DISCLAIMER : BELOW CONTENT IS NOT AI GENERATED AND REPRESENTS THE AUTHORS VIEWS AND INTERPRETATIONS. FOR QUERIES USE THE COMMENT BOX BELOW.

The protein folding problem refers to the challenge : Can we predict a protein's structure completely from its sequence?. While this is possible using X-ray crystallography and Nuclear Magnetic Resonance (NMR), these techniques face challenges such as:

  1. low success rates in getting high quality protein crystals (for ex: intrinsically disordered proteins fall in this category. More details on how to grow crystals here),
  2. limitations on the protein sizes that can be crystallized (for ex: while individual proteins in the Nuclear Pore Complex (NPC) can be crystallized and examined, the overall assembly remains elusive to study via experimental techniques),
  3. tedious process with low throughput rates.

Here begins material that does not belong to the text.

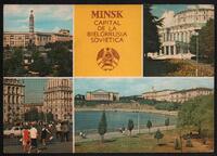 Tarjeta Postal con varias vistas de la ciudad de Minsk, capital de la Bielorrusia Soviética. En el anverso de la postal aparecen los siguientes lugares: La plaza de la Victoria, el Teatro de Ópera y Ballet, La plaza de la estación y tramo del río Svisloch, además del nombre de la ciudad y el escudo de la misma y al dorso de muestra el logo de la editorial.

An alternative approach would be to simulate the protein folding process using computers. However, our current compute capabilities allow access to simulation times on the scale of 10s of nanoseconds, enabling folding simulations of only small proteins.[1] Google DeepMind's first iteration at this problem, called AlphaFold1, uses Convolutional Neural Networks (CNNs) to predict torsion and distance distributions (called distograms) from Multiple Sequence Alignment (MSA) features. Potentials were constructed based on these distributions and the initial structure from the predicted torsion and distance distributions was minimized using gradient descent.[2] Using this strategy the DeepMind team could predict accurate protein backbone structures.[2]

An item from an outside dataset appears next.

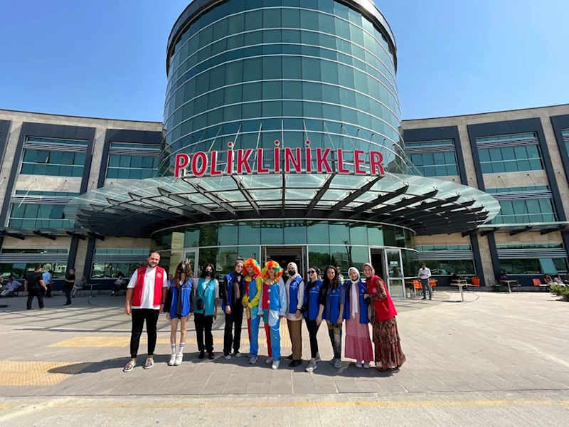Dörtyol Devlet Hastanesi Çocuk Servisi'nde kalan çocukları palyaçolarla birlikte ziyaret eden gönüllü gençler, çocuklarla sohbet ederek onlara çeşitli hediyeler verdi.

The following year the DeepMind team unveiled a more powerful model, based on the transformer architecture, that could now predict accurate protein side conformations as well. This model, called AlphaFold2, could predict structures with a median backbone accuracy of 0.96 Å r.m.s.d.95 (Cα root-mean-square deviation at 95% residue coverage) on the CASP14 test domains. In addition, most predicted structures had Template Modelling (TM) scores greater than 0.9.[3] AlphaFold2 marks the start of a series of computational models that predict protein structures on the scale of experimental accuracy.

AF1 and AF2 architectures
Figure 1. AlphaFold1 and AlphaFold2 model diagrams

AlphaFold3 (AF3) was released by the DeepMind team in 2023 and is their latest open source model as of date that goes beyond just predicting protein structures and includes RNA, DNA, docking of ligands and ions, bio-molecular complexes and multimers.[4] In this technical blog I will go over some of the details of the model architecture, results on benchmarks and some of the limitations of this model.

The journey from token to structure

Below figure is a snapshot of the screen the user encounters when using the AlphaFold server. It provides a text box for the user to paste in their protein, DNA or RNA sequence and a dropdown menu to choose from the different types of ions and ligands AF3 supports.

AF3 input screen
Figure 2. Overview of AF3 input screen on the AlphaFold Server. Selection of entity type.

AF3 also provides supports for structure prediction of multimeric chains and for different post translation modifications of amino acid residues and DNA/RNA nucleotides.

AF3 input screen
Figure 3. Overview of AF3 input screen on the AlphaFold Server. Selection for post translation modifications.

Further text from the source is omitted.